▼
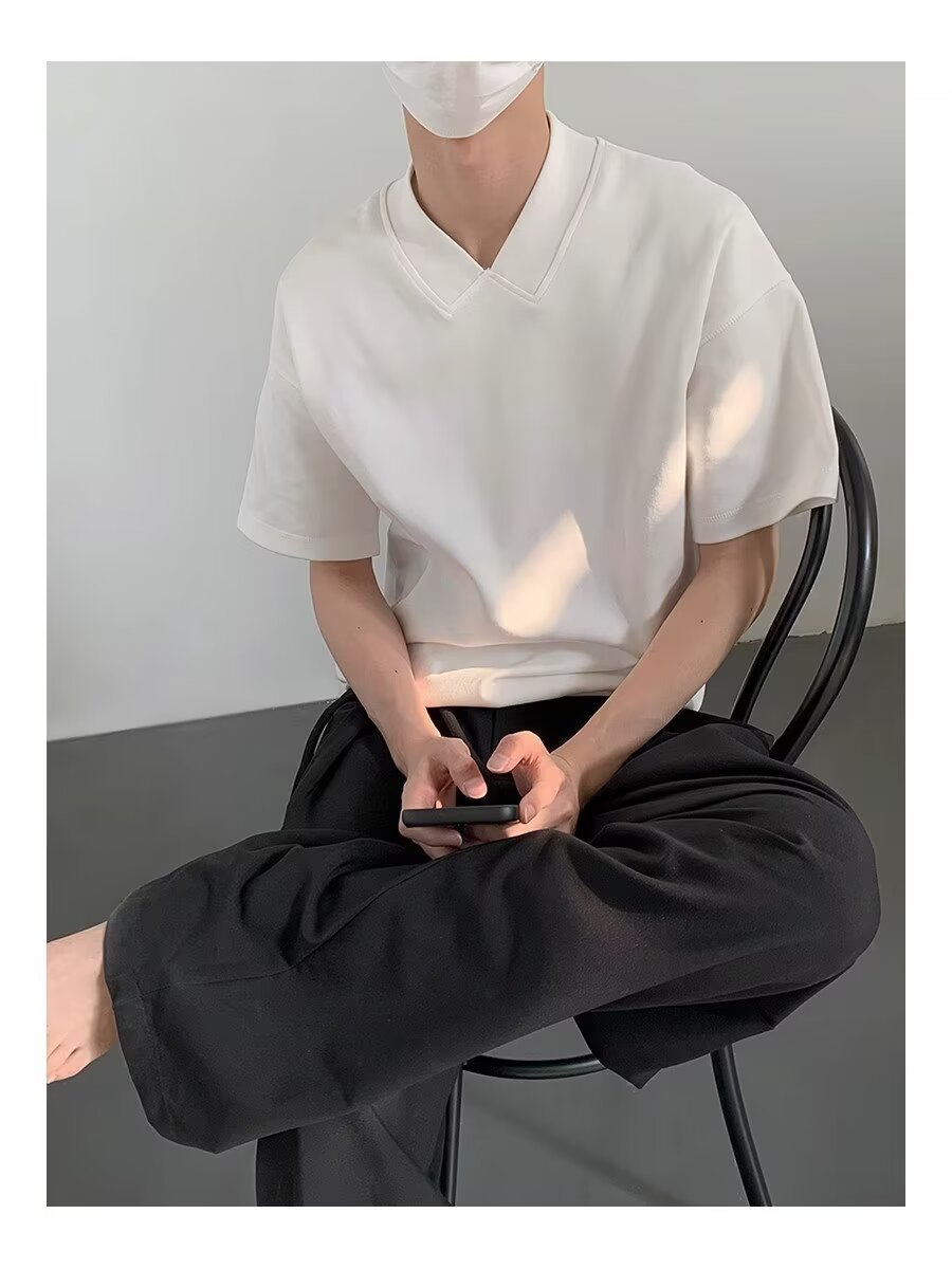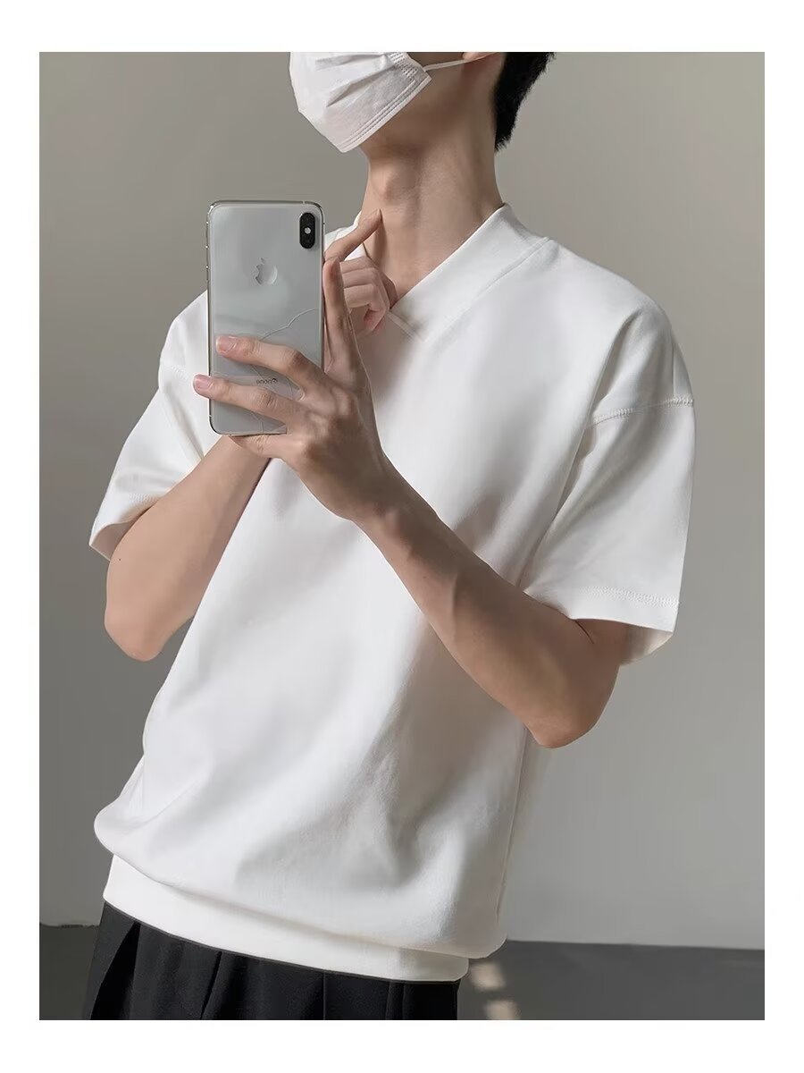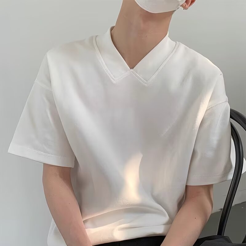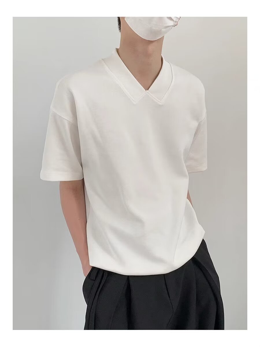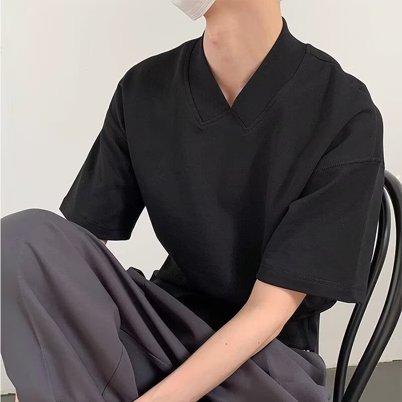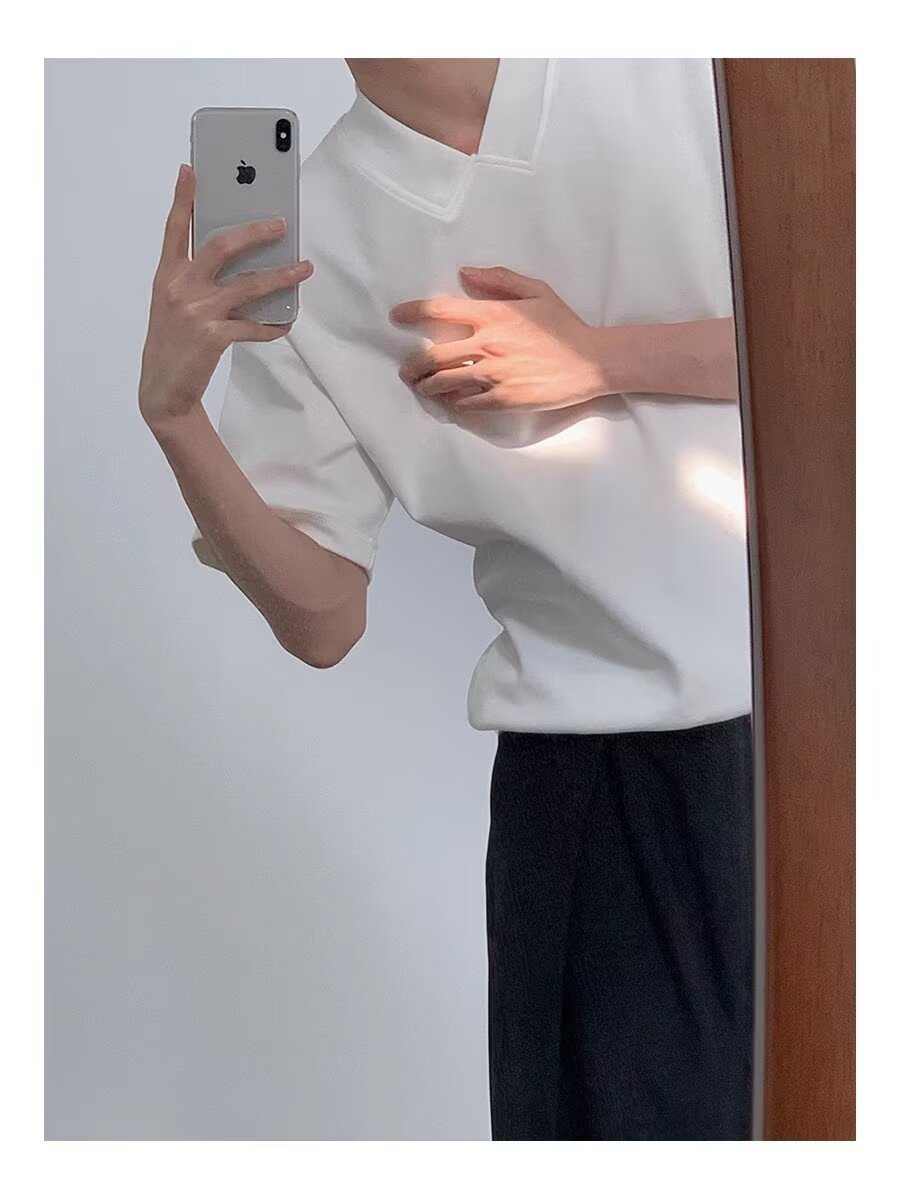 여름 얇은 반팔 올 매치 솔리드 컬러 한국 스타일 티셔츠 한국 뉴 남성 탑 V 넥 루즈 캐주얼 니트 셔츠
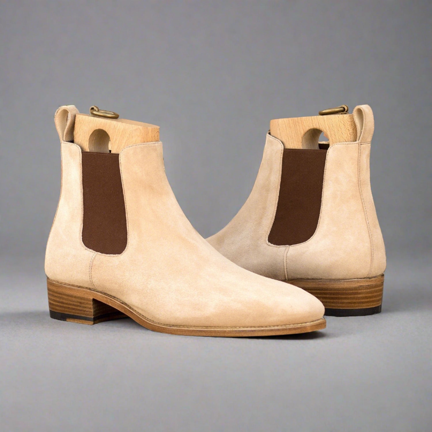 - Ambrogio Handmade Men's Shoes Taupe Suede Leather Chelsea Boots (AMB2450)
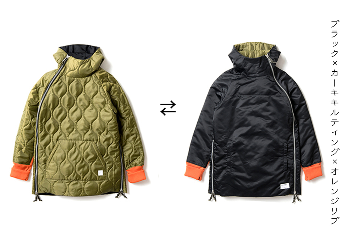 ナイロンで着る場合と、キルティングで着る場合では雰囲気が変わってとても面白いです。
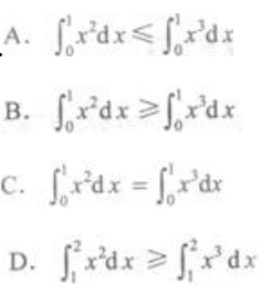 【题目解析】:在[0,1]上,x2≥x3,由定积分的性质可知选B.同样在[1,2]上,x2≤x3,可知D不正确.
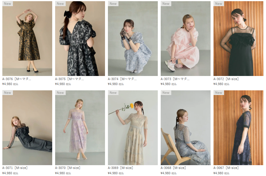 Sサイズから4Lサイズまで、幅広いサイズ展開も魅力の一つ。マタニティ対応のドレスも充実しているため、妊娠中の方でも安心しておしゃれを楽しめます。
▲
With the pictures set aside, repeat every entry above exactly.

 여름 얇은 반팔 올 매치 솔리드 컬러 한국 스타일 티셔츠 한국 뉴 남성 탑 V 넥 루즈 캐주얼 니트 셔츠
 - Ambrogio Handmade Men's Shoes Taupe Suede Leather Chelsea Boots (AMB2450)
 ナイロンで着る場合と、キルティングで着る場合では雰囲気が変わってとても面白いです。
 【题目解析】:在[0,1]上,x2≥x3,由定积分的性质可知选B.同样在[1,2]上,x2≤x3,可知D不正确.
 Sサイズから4Lサイズまで、幅広いサイズ展開も魅力の一つ。マタニティ対応のドレスも充実しているため、妊娠中の方でも安心しておしゃれを楽しめます。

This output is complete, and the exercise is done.